Hi Alex

Thank you for your hard work.

The compact theme is a nice variant.

I ran the Plan9 backend on asciidoc.1 and and a2x.1 man pages -- they look fine in the linux manpage reader. This manpage backend is nice because it bypasses DocBook and DocBook XSL Stylesheets completely by generating the troff directly -- you've got direct control over the troff output.

Ran the graphviz-cmap filter on the example that comes with AsciiDoc and it worked just fine. It might be a good idea to point out that this variant is a drop-in replacement which will override the distributed filter.

I've added all three to the AsciiDoc plugins page:
http://www.methods.co.nz/asciidoc/plugins.html

The updated Cheatsheet is brilliant, the only comment I have is that the document header is no longer REQUIRED.


Cheers, Stuart


On 18/09/11 02:53, Alex Efros wrote:
Hi!

Let's start using new cool feature of 8.6.6: plugin management! :)

     compact - my theme plugin, similar to default color scheme but more
     compact.

     9man - my backend plugin to generate man pages (troff) compatible with
     OS Inferno and Plan9.

Both available for download from http://powerman.name/asciidoc/

Also I've updated asciidoc's cheatsheet to be consistent with small syntax
changes in latest versions.

And released Gentoo ebuild for 8.6.6, so I hope it will be added to
portage soon (you can use 'powerman' overlay or just download ebuild from
Gentoo bugzilla to install 8.6.6 on Gentoo right now).


BTW, about theme plugins. If your theme change more than just few colors,
if it change elements layout, or if you just dislike structure of
asciidoc.css - you'll have to use different css selectors in your theme.
Which in turn means it will be very hard to support your theme, sync it
with changes in next asciidoc versions.

To solve this issue I propose to document structure of html generated by
asciidoc - complete list of all #id, .class and tags hierarchy which can
be output by each html-compatible backend. Probably this can be easily
automatically generated from backend's .conf-files (but I don't know
python and so can't be 100% sure in this). Running diff against such
document should be ease way to detect all changes in backend output and to
update our custom theme.css.

As side effect, it would be nice to have examples of asciidoc source for
each #id, .class and tags hierarchy generated by backend - this allow to
create simple theme test page, and let easily compare themes.

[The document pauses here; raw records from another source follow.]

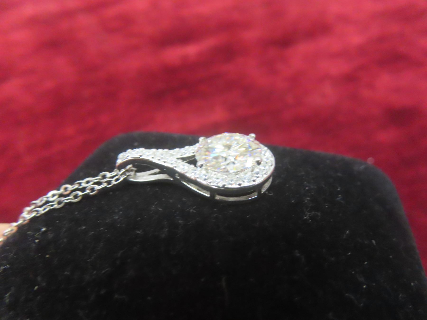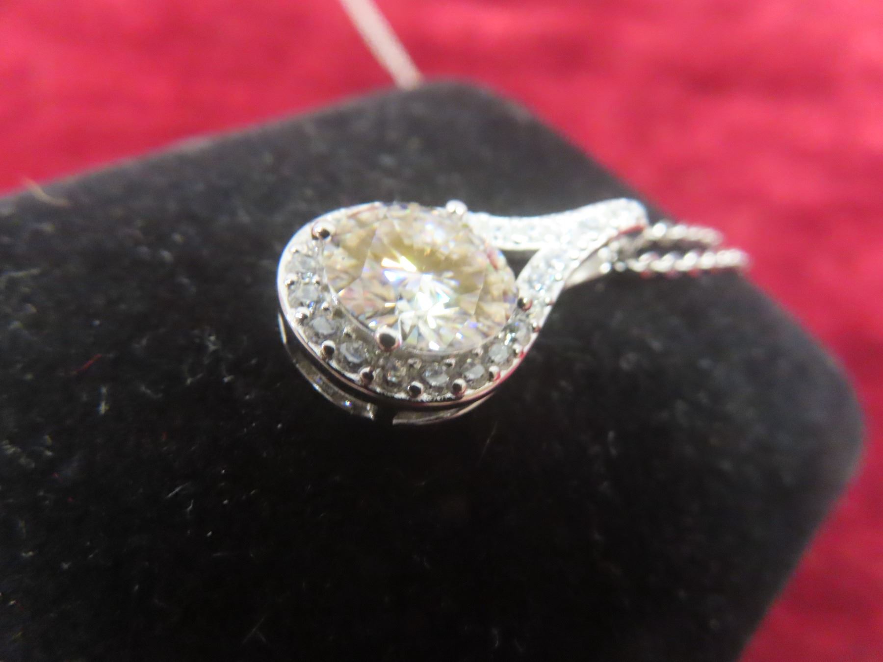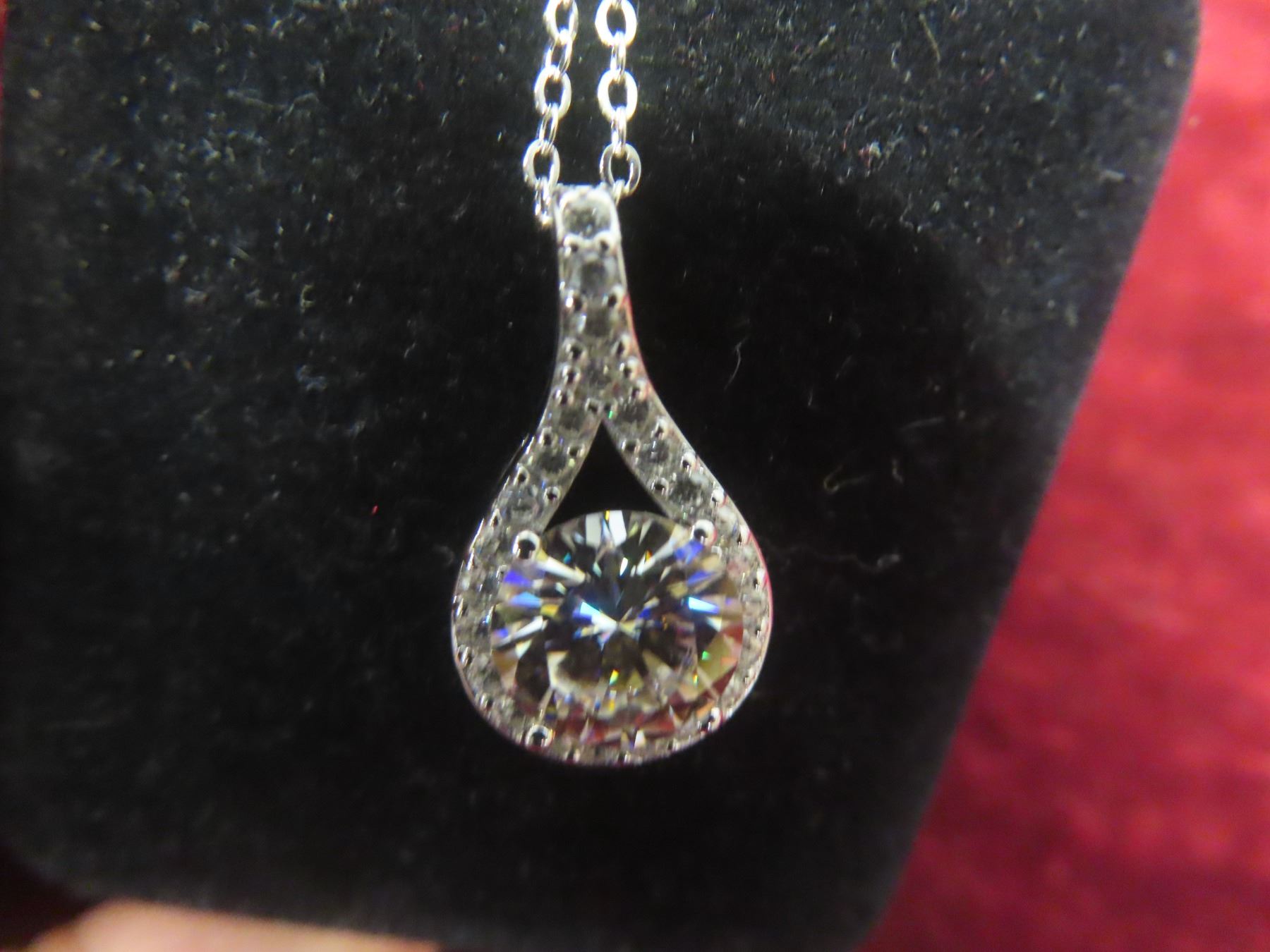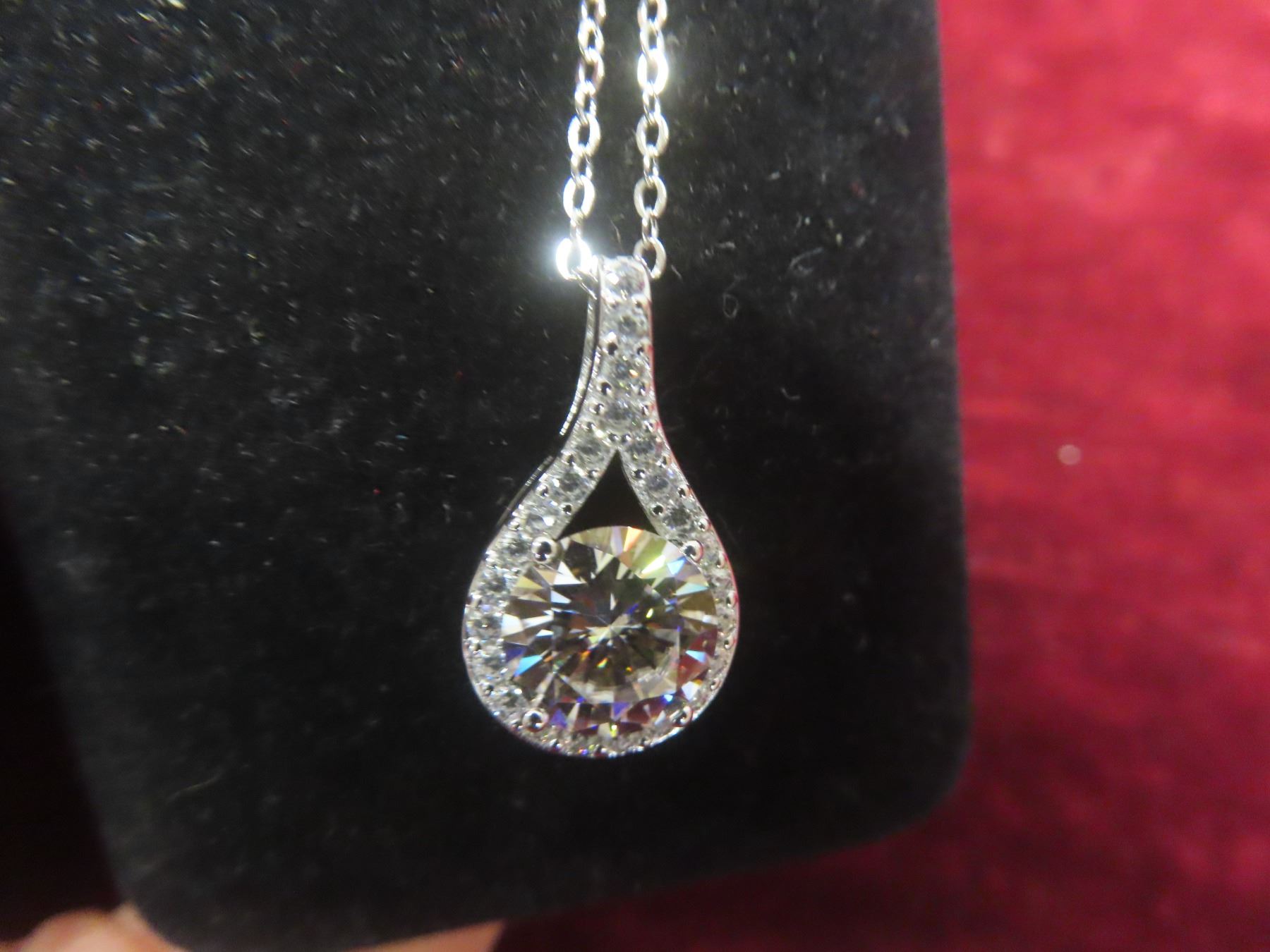 3.00 CT GRA Certified Round Brilliant Cut Moissanite Stone VVS D Color With the 24 Round Brilliant Cut Cubic Zirconia Set in Tear Drop Shaped Halo and Set in 925 Silver Pendant Retail Value $2,245.00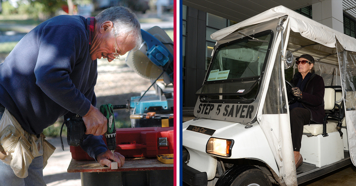 Darlene Neubert, Step Saver carts driver of Wilford Hall Ambulatory Surgical Center on Joint Base San Antonio-Lackland, Texas, prepares to go out to WHASC’s parking areas to pick up patients. Around the military and veteran community, volunteers can make a big difference in terms of what medical care patients can receive.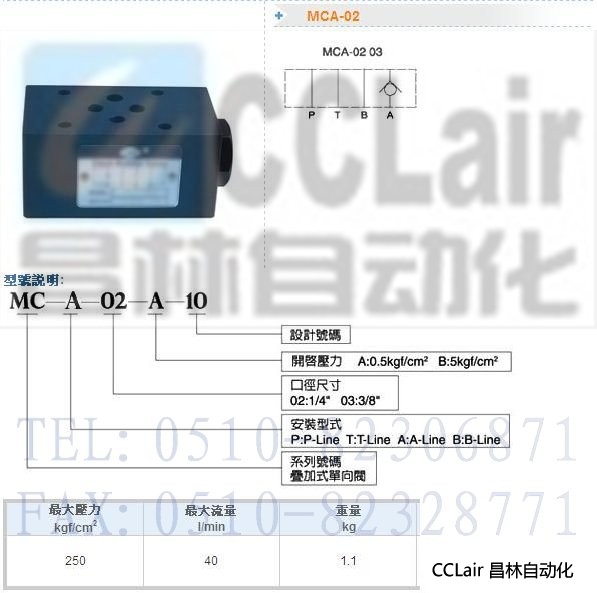 MCA-02-A-10,MCA-02-B-10,疊加式單向閥
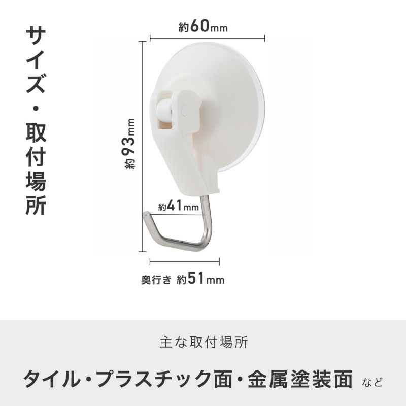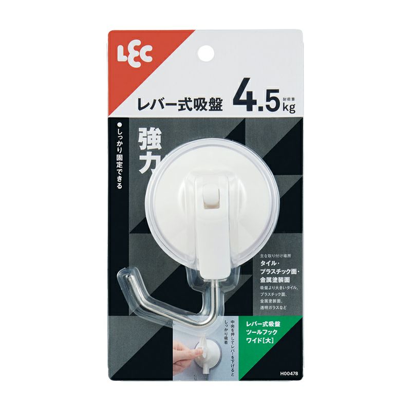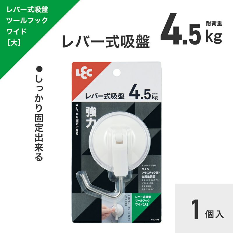 レバーを下げて空気を抜くことで強力に吸着します。 レバー式吸盤 ツールフックワイド サイズ大 耐荷重4.5kg 1個入 選べる2色

One more thing: pygments support is really cool - it let me to uninstall
both source-highlight and boost, which was my dream each time I recompile
my Gentoo :) and it provide nice css to style syntax highlight. But while
pygments contain about 17 different themes, asciidoc provide only one by
default and doesn't allow to change pygments theme in usual way (using
attributes). I think this is nice small feature to add in next version.